Divorce can be hard on every member of the family when feelings go unaddressed. Men and women tend to express emotions differently and children may act out their feelings in ways that are hard to understand. Let’s take a look at some of the emotions members of your family are likely to experience during this difficult time — and how best to cope with them.
Dad’s Feelings During Divorce
Men tend to define themselves by their roles as breadwinners, husbands, and fathers. During divorce, they may feel that they’ve failed at fulfilling these roles, an experience that can create shame and confusion: if I don’t have an intact family, who am I? Further, the financial implications of divorce may make it harder to provide at the level men are accustomed, or resent having to subsidize an ex-spouse’s post-divorce lifestyle. It’s common for men to feel bitter over paying alimony and even child support — especially if they don’t get to see their children as often as they would like.
While men feel sad and depressed grieving the loss of their intact family, they tend to mask these feelings through anger, which is a more socially acceptable “male” emotion.

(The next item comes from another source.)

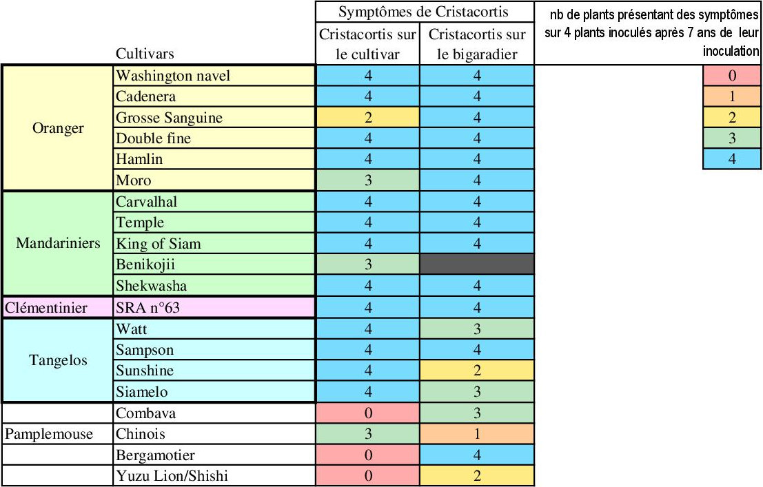 Les citronniers, les cédratiers, les Yuzus sont très sensibles, les orangers, les clémentiniers et mandariniers sont moyennement sensibles.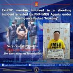 Philippine National Police Integrity Monitoring and Enforcement Group (PNP-IMEG) Director, PBGEN SAMUEL C NACION, announces the arrest of an ex-Police member identified as PSSg Luis M Jomok III by virtue of warrant of arrest for the crime of Homicide under Art. 249 of RPC at # 83 Cabrera Rd. Kaytikling Brgy. Dolores, Taytay, Rizal on continue reading : EX-PNP MEMBER INVOLVED IN SHOOTING INCIDENT ARRESTED BY PNP-IMEG AGENTS UNDER INTELLIGENCE PACKET “MOKONG”

Depression and anger typically manifest as:
- Hostile emails
- Verbal threats
- Seeking revenge by taking an ex back to court or playing games with support
Denying these feelings, or trying to escape them through drugs and alcohol, will just delay the important work of grieving the end of your marriage. You will feel better if you tackle them head on with positive coping strategies: therapy, exercise, mindfulness meditation, and learning more about how to co-parent with your ex.
Mom’s Feelings During Divorce
Traditionally, women drive self-esteem and identity through their roles as wives and mothers. Divorce feels destabilizing because they no longer have a husband, may no longer have a traditional family home, and no longer actively parent 24/7 due to shared custody time with an ex. While this upheaval can provoke the same feelings men experience — shame, depression, anger — women may express their feelings more internalized ways:
- Overeating or undereating (aka, the divorce diet)
- “Wine o’clock” habit
- Netflix binging
- Overwhelmed; difficulty completing tasks
- Not being able to get out of bed
Women tend to have more social support than men and are more comfortable leaning on friends and family. While it can be helpful to share your woes with loved ones, beware of chronic venting; spending too much time complaining about your ex and unfair divorce settlement is likely to make you feel victimized. Instead, focus on developing resiliency by attending therapy, practicing good self-care (eat, sleep, and exercise), and developing positive coping skills such as mindfulness meditation.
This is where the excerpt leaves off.